About me
Hello! I’m Andreu Girbau Xalabarder, a Post-Doctoral research fellow at Satoh-lab at the National Institute of Informatics in Tokyo, and my interests are in Event Cameras, Computer Vision and applied Machine Learning in general. I did my PhD at AutomaticTV|Mediapro in collaboration with the Polytechnic University of Catalonia in Barcelona with the Image Processing Group. Feel free to contact me for collaboration!
Oct. 2023: I will be serving as Area Chair for MMM2025 in Nara, Japan.
Research interests
Event Cameras
My current research focuses on Event Cameras and their applications in computer vision. Traditional cameras capture images at a fixed frame rate while event cameras only capture changes in the scene (aka. events) per pixel as they happen. This changes the paradigm of computer vision from discrete to (almost) continuous information, opening the possibility to many different applications, such as collision avoidance in fast-paced dynamic environments.
Multiple Object Tracking
During my Ph.D., I had the privilege of working at AutomaticTV, a company dedicated to generating sports productions using computer vision techniques. Among various challenges, a significant part of my research focused on Multiple Object Tracking (MOT) and its practical applications in real-world scenarios. What made this experience really interesting was how I got to see the different ways industry and academia do things, having to tackle the MOT challenge from different angles, understanding the needs of both worlds.
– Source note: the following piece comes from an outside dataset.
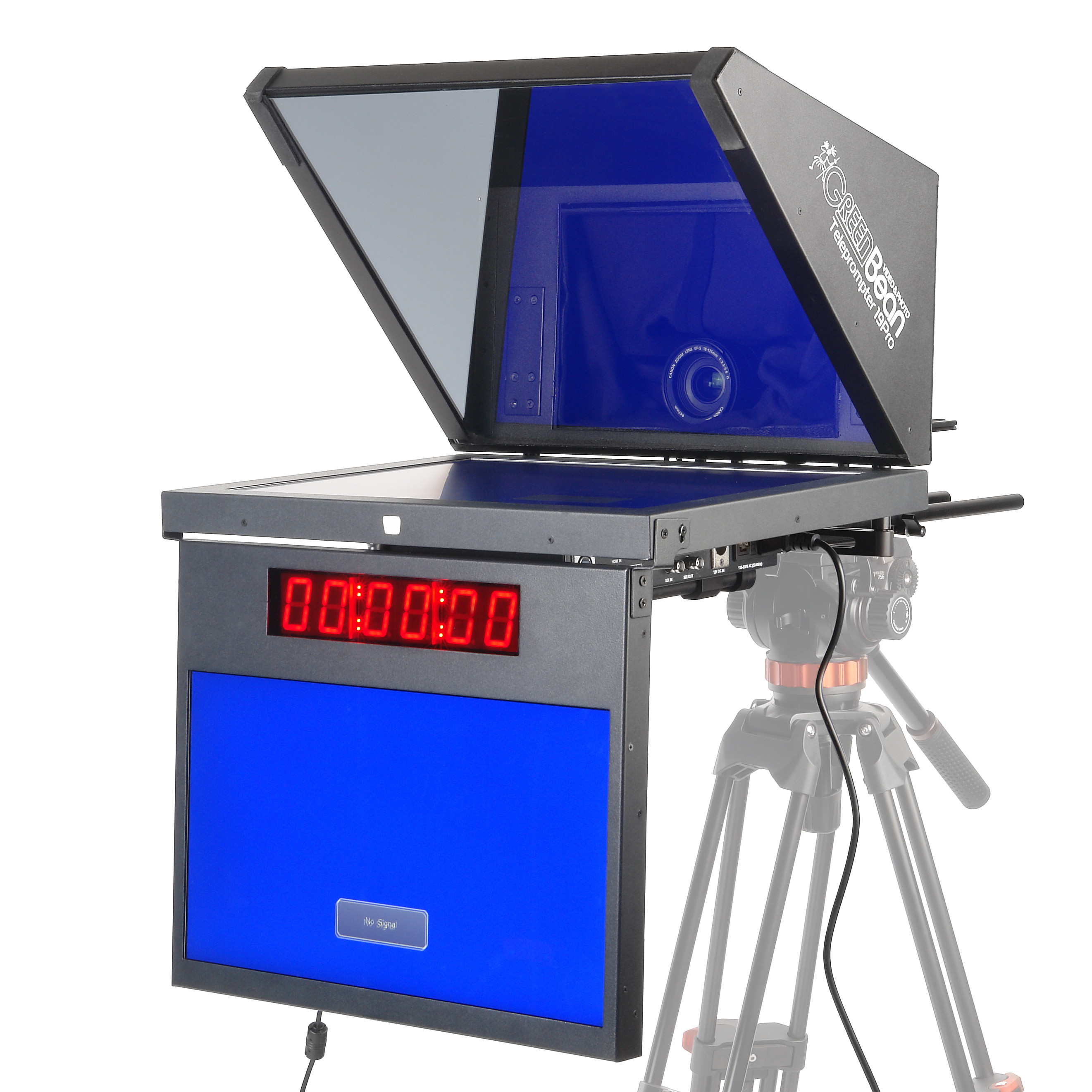 GreenBean Teleprompter 19Pro располагается перед камерой и помогает диктору (ведущему или актеру) вести запись или прямой эфир без заучивания текста, при этом сохранять постоянный зрительный контакт с аудиторией. Отличительной особенностью GreenBean Teleprompter 19Pro является то, что помимо основного монитора 19’’, телсуфлер оснащен дополнительным (TALENT) видеомонитором 17” с цифровым табло отсчета времени. TALENT-монитор предоставляет возможность диктору контролировать ход эфира - видеть себя на экране и проверять тайминг по цифровому табло отсчета времени, расположенному на мониторе.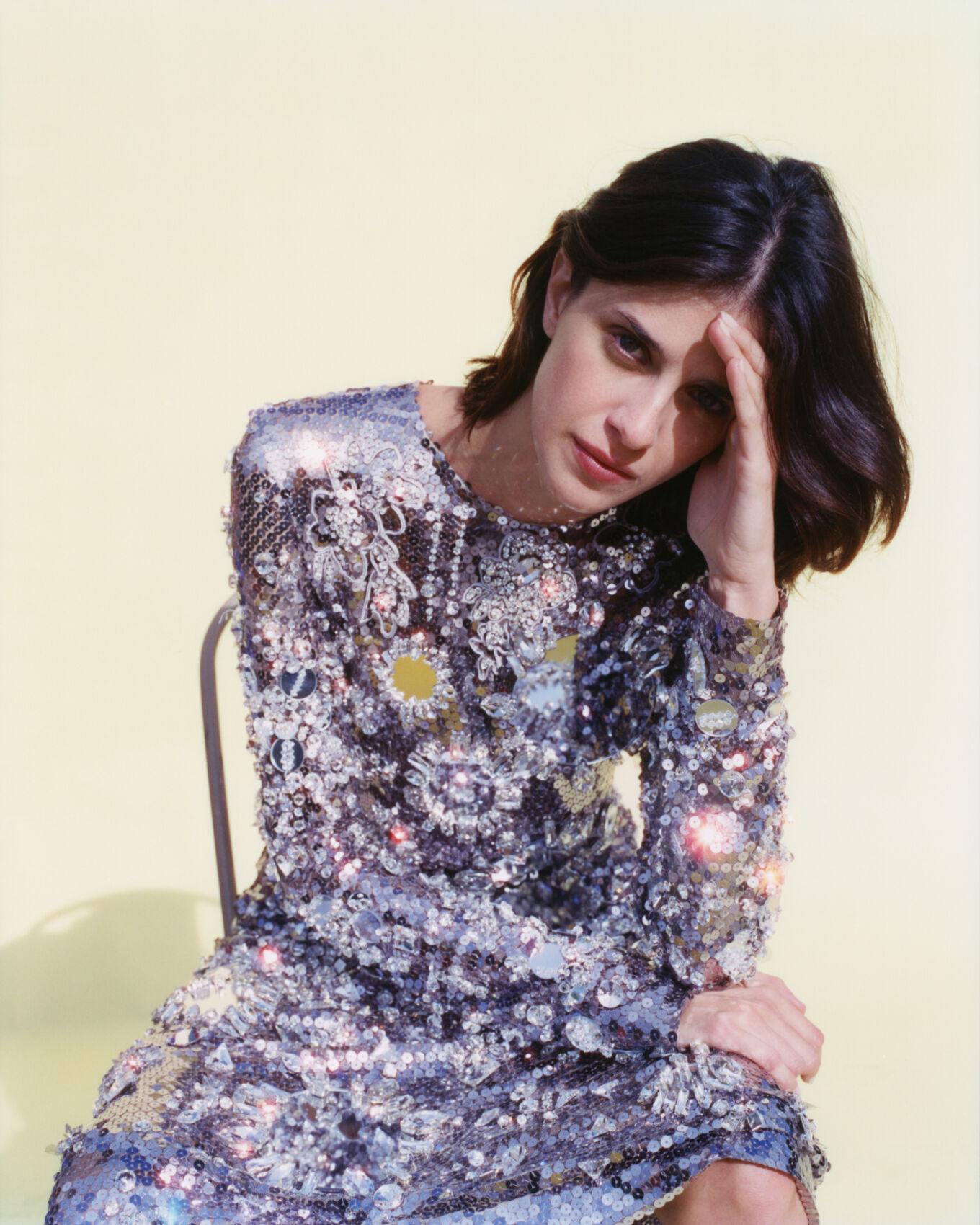 A person sits on a chair against a soft, pale background, wearing a dazzling, dazzlingly embellished dress covered in silver sequins and ornate patterns. Her hair is shoulder-length and dark, parted centrally. She rests her head on her hand, gazing thoughtfully forward, creating an introspective and contemplative mood. Light reflections create colorful sparks across the attire.

TV Analysis of Political figures
I had the great opportunity to work in a multi-disciplinary project on the intersection of political science and computer vision. The objective of this project was to analyze Japanese television, with a particular focus on political trends over the last 20 years. The project involved building datasets, working in face detection, tracking, and classification, building a system as robust and flexible as possible, so we could use the system to be able to quickly analyze other political actors and other video frameworks.